Posted on April 22 2020
Vietnamese Pepper Steak Flambe’
Be Spice Inspired
Vietnamese Peppercorns are large in size with a flavour to match. When cracked open they release an aroma with hints of citrus. No matter whether you use them in delicate salads, soups, or vegetable dips, they have a mild, sweet flavour and pleasing aroma. They have a fresher flavour than black and are great in creamy sauces.
Grind the Vietnamese Peppercorns coarsely, using a Pestle & Mortar or Spice Grinder.
Press the steaks into the pepper until the entire surface is covered. Use more peppercorns if desired.
Heat the butter and cooking oil together, add the steaks and grill until your liking.
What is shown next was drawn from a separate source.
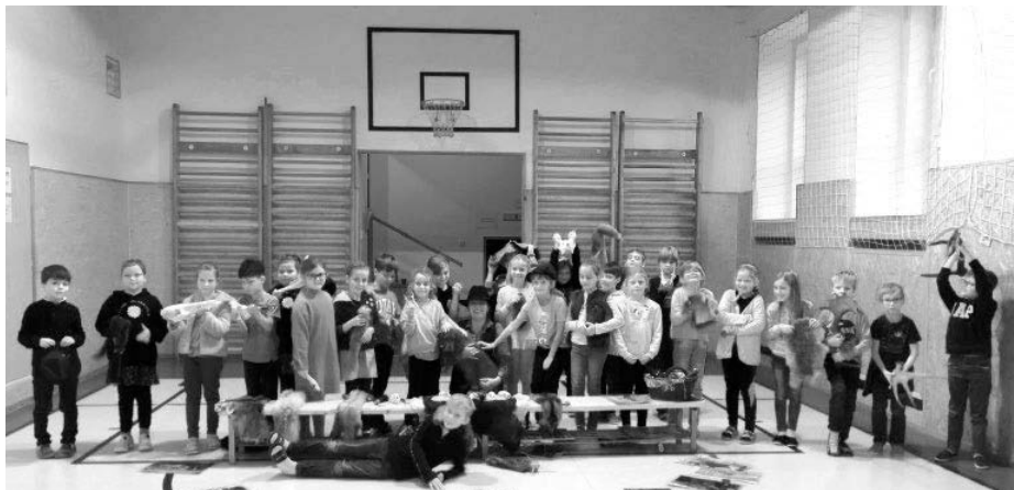
Nejedno z těchto dítek si po poutavé přednášce na téma myslivosti natěšeně řeklo – chci být jedním z nich!

Season with salt, set aside and keep warm.
Using the same pan, pour out any excess butter but retain the peppercorns that may have come off while grilling. Add the wine and rapidly reduce to 50ml.
Now add the sour cream, stir and pour over the steaks. Finally, pour the brandy over the steaks and carefully light (flame) which will quickly dissipate.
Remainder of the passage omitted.